** Records supplied **
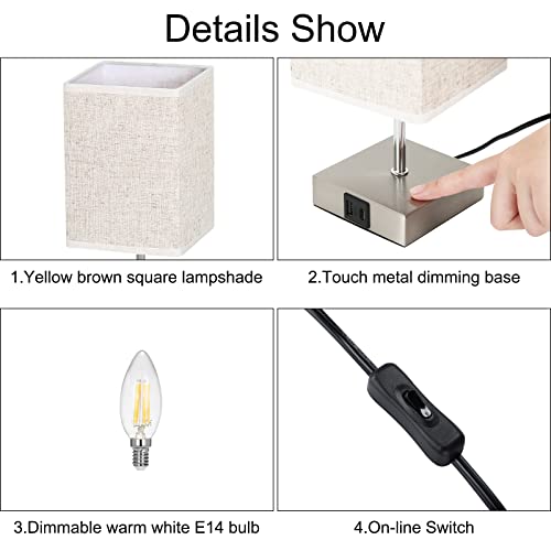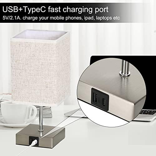 Lightess 2 Pz Lampada da Tavolo Touch Regorabile Lampada Comodino Dimmable con Paralume USB e Type C in Tessuto con Lampadine dimmerabili Lampada da Comodino, per Camera da Letto Soggiorno
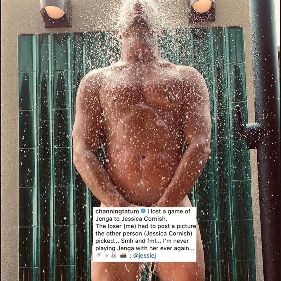 Channing shared the photo, in which he was completely naked but covering his modesty with his hands and being splashed by water, and explained: "I lost a game of Jenga to Jessica Cornish.
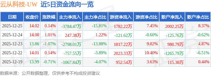 证券之星消息,截至2025年12月25日收盘,云从科技(688327)报收于14.02元,上涨0.14%,换手率2.06%,成交量17.14万手,成交额2.39亿元。
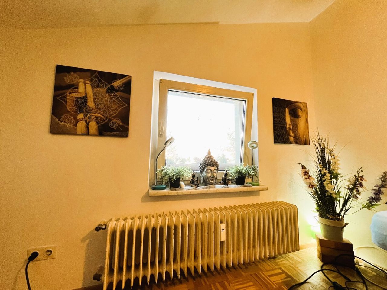 - Boden: Echtholzparkett (wurde ca. 2014 neu renoviert), Fliesen
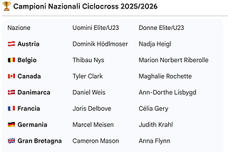 L'elenco di tutti i campioni nazionali...in attesa del mondiale!
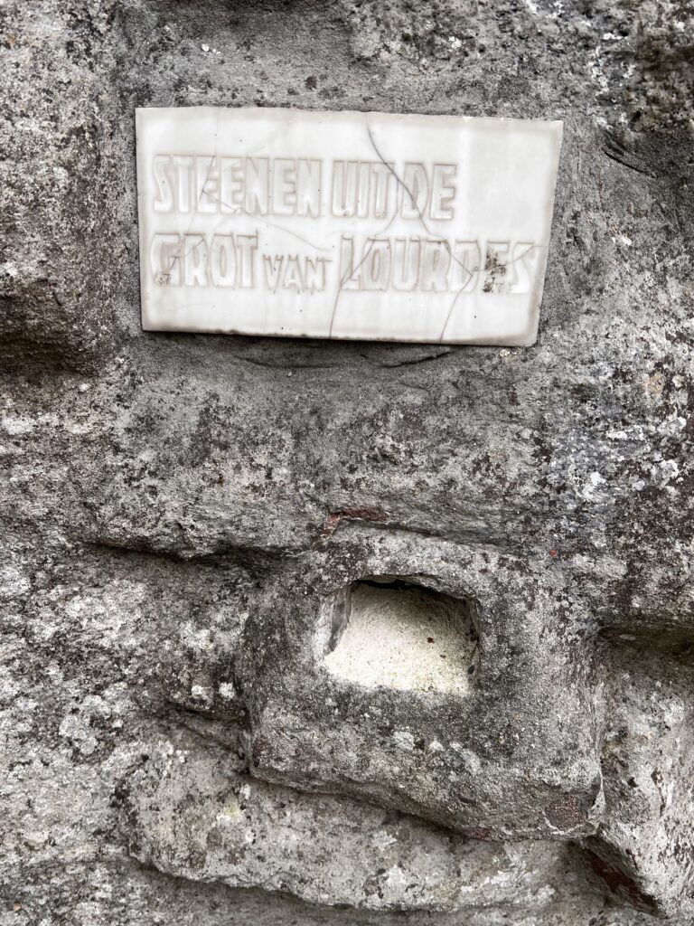 de steen uit Lourdes is verdwenen uit de rots van de grot te Weebosch

** Work instruction **
Write the data above out again exactly, every line of it, and exclude the pictures.

** Output **
 Lightess 2 Pz Lampada da Tavolo Touch Regorabile Lampada Comodino Dimmable con Paralume USB e Type C in Tessuto con Lampadine dimmerabili Lampada da Comodino, per Camera da Letto Soggiorno
 Channing shared the photo, in which he was completely naked but covering his modesty with his hands and being splashed by water, and explained: "I lost a game of Jenga to Jessica Cornish.
 证券之星消息,截至2025年12月25日收盘,云从科技(688327)报收于14.02元,上涨0.14%,换手率2.06%,成交量17.14万手,成交额2.39亿元。
 - Boden: Echtholzparkett (wurde ca. 2014 neu renoviert), Fliesen
 L'elenco di tutti i campioni nazionali...in attesa del mondiale!
 de steen uit Lourdes is verdwenen uit de rots van de grot te Weebosch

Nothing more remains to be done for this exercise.